* How to complete this task: Give back the lines below exactly, but do not include any pictures.

The data section start

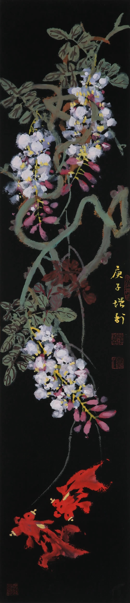 慕增利作品幽峭内敛,虚柔不失浑朴,清寂中又见空灵与孤傲,他的墨牡丹和鱼虫花鸟纯净、倔强,又恬然渊默皆无暇顾人;鱼作品清俊脱俗,守简素而意醇,发纤浓于古淡,笔墨已逐渐自由脱去畦町,更是其自身心灵的物化。
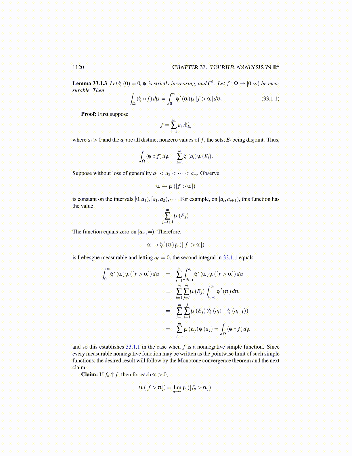 Lemma 33.1.3 Let φ (0) = 0, φ is strictly increasing, and C1. Let f : Ω→ [0,∞) be mea-surable. Then ∫
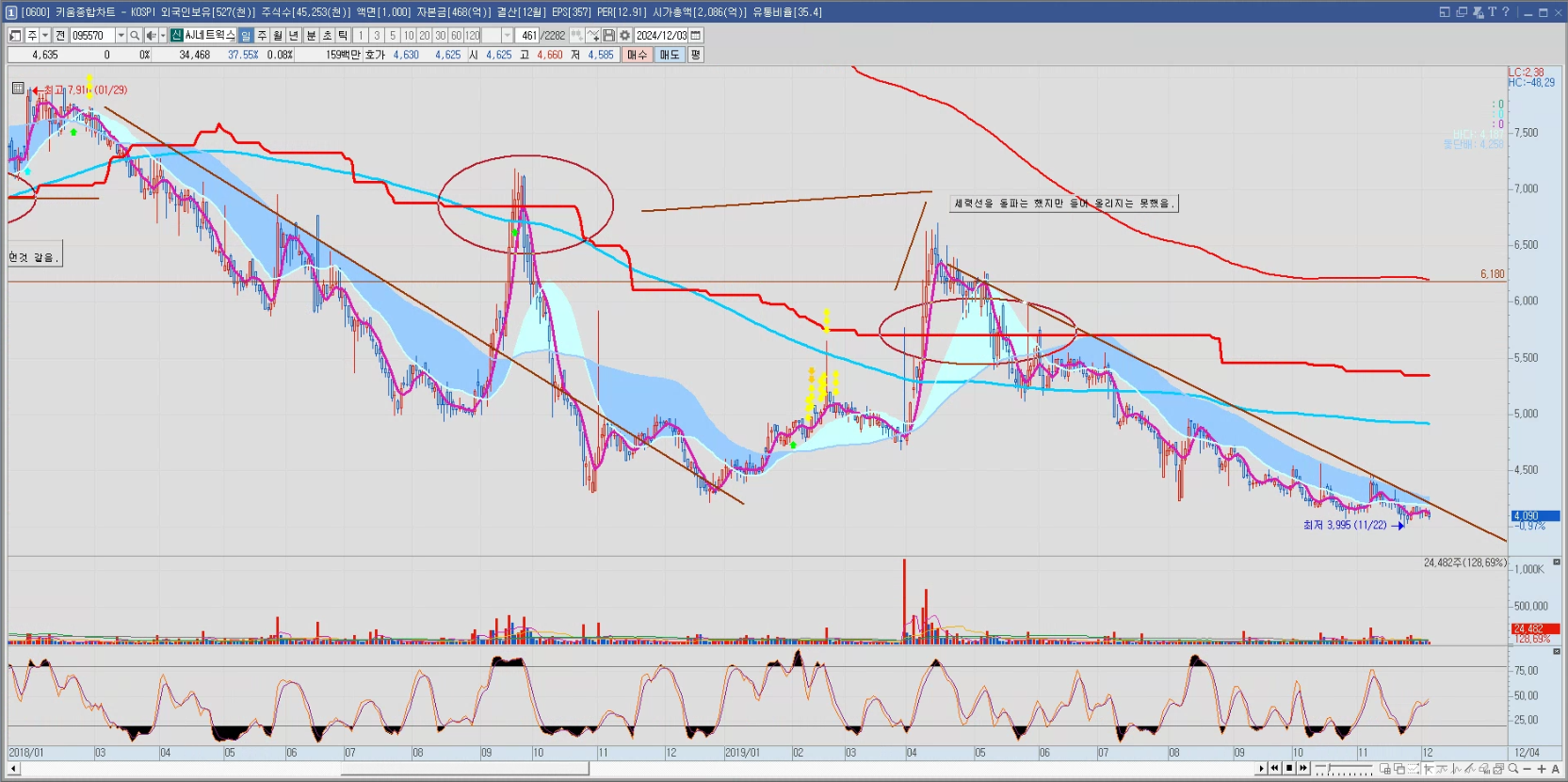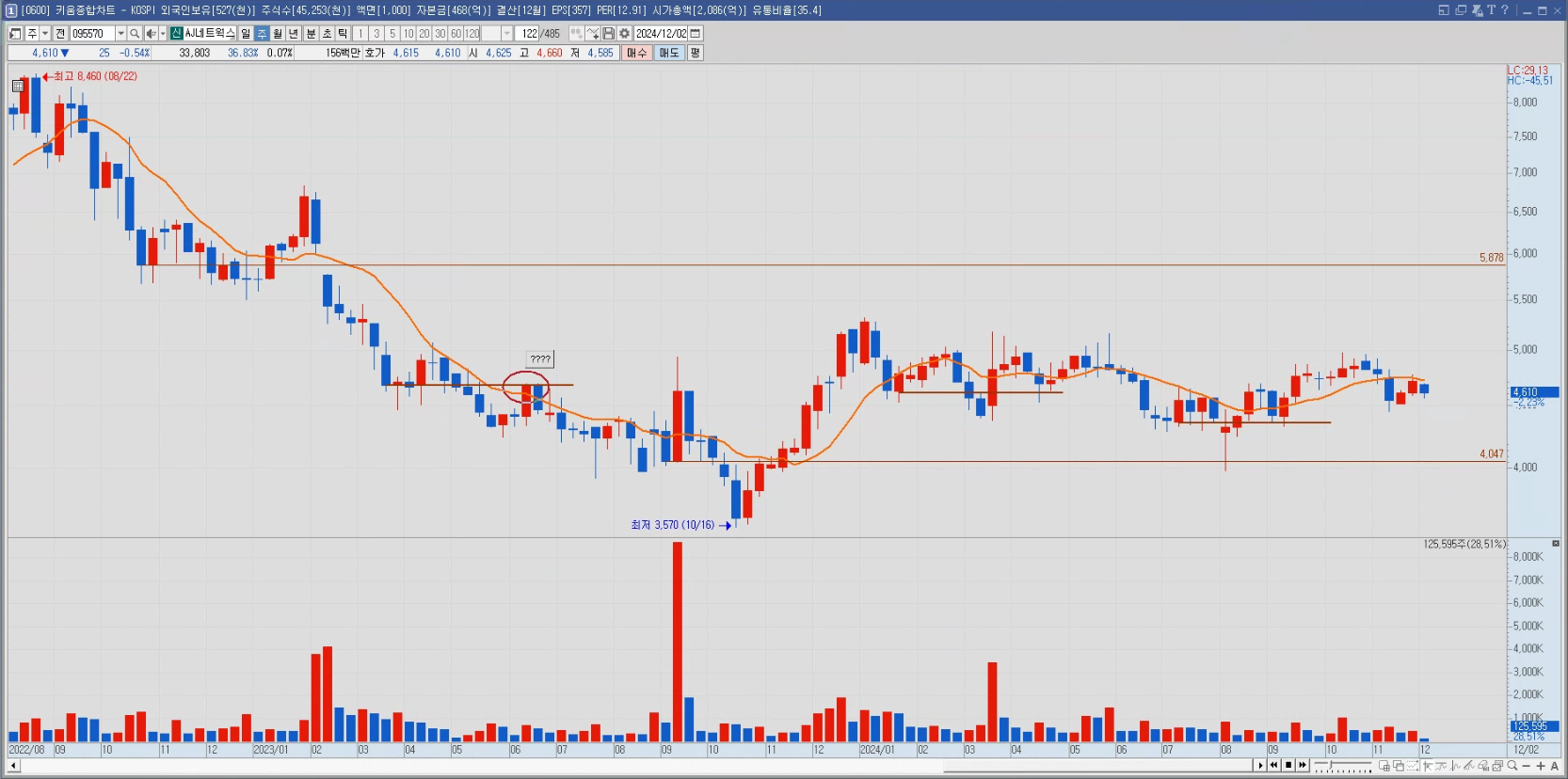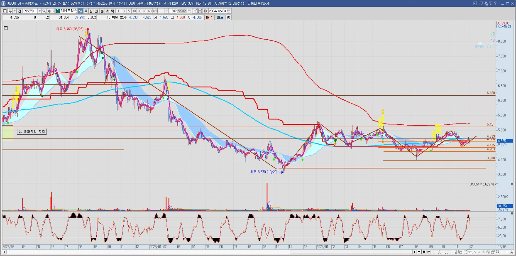 2023년 ~ 2024년 : 현재 차트 5,120원 가격대 돌파시 유의미한 가격대라 할수 있을것 같음.
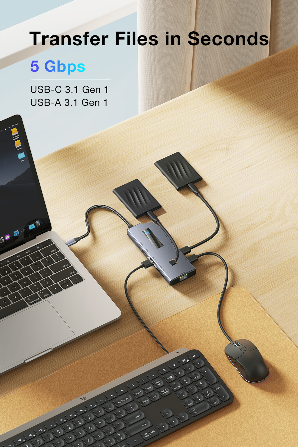 1. Laajentaa tietokoneen liitettävyyttä ja toimintoja: ulkoiset tallennuslaitteet, virtalähteen sovitin, kortinlukija, 4K-näyttö 60Hz, PD-pikalataus 100W, gigabitin kiinteä verkko ja USB 3.0 -hubi. Täysi 3.0-siirto ja laajennus.

The data section end

* Response below:
 慕增利作品幽峭内敛,虚柔不失浑朴,清寂中又见空灵与孤傲,他的墨牡丹和鱼虫花鸟纯净、倔强,又恬然渊默皆无暇顾人;鱼作品清俊脱俗,守简素而意醇,发纤浓于古淡,笔墨已逐渐自由脱去畦町,更是其自身心灵的物化。
 Lemma 33.1.3 Let φ (0) = 0, φ is strictly increasing, and C1. Let f : Ω→ [0,∞) be mea-surable. Then ∫
 2023년 ~ 2024년 : 현재 차트 5,120원 가격대 돌파시 유의미한 가격대라 할수 있을것 같음.
 1. Laajentaa tietokoneen liitettävyyttä ja toimintoja: ulkoiset tallennuslaitteet, virtalähteen sovitin, kortinlukija, 4K-näyttö 60Hz, PD-pikalataus 100W, gigabitin kiinteä verkko ja USB 3.0 -hubi. Täysi 3.0-siirto ja laajennus.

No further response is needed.